O'Hagan wrote of The Last Cosmology (1995) that "the strange skies full of lunar portents, forks of lightning, fleeting meteorites and blocked out suns are a kind of mirror of Kawada's brooding, troubled soul. He spent his youth in the long shadow of Hiroshima and Nagasaki, and made the images in The Last Cosmology between 1980 and 2000 – a time of global uncertainty." He added that the images also evoke "a sense of impending catastrophe."

==Publications==
- Chizu (地図) = The Map.
  - Tokyo: Bijutsu Shuppan-sha, 1965. Text by Kenzaburō Ōe.
  - Tōkyō-to Chōfu-shi: Getsuyōsha, 2005. ISBN 9784901477161. Text in Japanese and English.
  - Tucson, AZ: Nazraeli, 2005. ISBN 9781590051238. Text in Japanese and English. Edition of 500 copies.
  - Chizu (Reprint Edition).
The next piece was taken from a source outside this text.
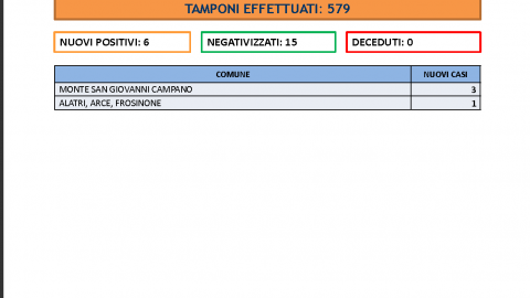 In provincia di Frosinone, nelle ultime 24h, sono stati effettuati 579 tamponi. Sono 6 i nuovi casi di positivi al
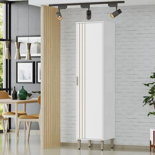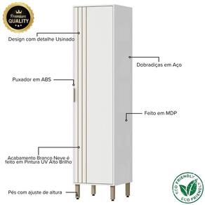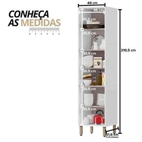 Características Gerais do Produto: - Acabamento: Pintura UV Alto brilho / Fosco - Acompanha Manual: Sim - Altura (cm): 210,5cm - Largura (cm): 49cm - Profundidade (cm): 51,6cm - Quantidade De Prateleiras: 6 - Peso (Kg): 44,42kg - Matéria-prima: MDP 15mm Dobradiças em aço Puxadores em ABS - Garantia: 3 Meses - Quantidade de Portas: 1 - Requer montagem: Sim

Tokyo: Akio Nagasawa, 2014. . With texts in English by Ōe, "Map," and Kawada, "On the re-reprint of "Chizu" (1965)". Edition of 600 copies.
- 'ラスト・コスモロジー = The Last Cosmology.
  - ラスト・コスモロジー : 川田喜久治写真集 = The Last Cosmology : Photographs. Tōkyō: 491, 1995. .
  - The Last Cosmology. London: Mack, 2015. ISBN 9781910164235.
- Cosmos of the Dream King. Tokyo: Asahi Sonorama, 1995.
- Kikuji Kawada. Tōkyō: Iwanami Shoten, 1998. ISBN 9784000083737. Text in Japanese.
- Japan, 1951–1960. Nazraeli Press Six by Six, set 5 v. 3. Portland, OR: Nazraeli, 2014. ISBN 9781590054024. Edition of 100 copies.
- Remote Past A Memoir 1951–1966. Tokyo: Case, 2016. With an afterword by Rei Matsuda, in Japanese and English. Edition of 1000 copies.
- Chizu (Maquette Edition). London: Mack, 2021. ISBN 978-1-912339-71-6.

==Awards==
- Lifetime Achievement Award, Photographic Society of Japan awards

==Exhibitions==
===Solo exhibitions===
- Kikuji Kawada - The Last Cosmology, Michael Hoppen Gallery, London, 2014/15.
- Kukuji Kawada: Last Cosmology, L. Parker Stephenson Photographs, New York, 2014/15.
- Kikuji Kawada: Los Caprichos-Instagraphy-2017, P.G.I Gallery, Tokyo, 2018.
- Kikuji Kawada: Then & Now, L. Parker Stephenson Photographs, New York, 2016.
- Kikuji Kawada: 100 Illusions, Cannon Gallery S, Tokyo, 2018.

===Group exhibitions===
- 1957: Jūnin no me (10人の眼, Eyes of ten), Konishiroku Photo Gallery, Tokyo, 1957. Organised by Tatsuo Fukushima.
- 1974: New Japanese Photography, Museum of Modern Art, New York, 1974. Directed by John Szarkowski and Shoji Yamagishi. Included the work of fifteen artists.
- 2014: Chizu = The Map book, and The Map 1959–1965 installation of 90 photographs, were included in Conflict, Time, Photography, Tate Modern, London, 2014/15; Museum Folkwang, Essen, 2015; Staatliche Kunstsammlungen Dresden, Dresden, Germany, 2015.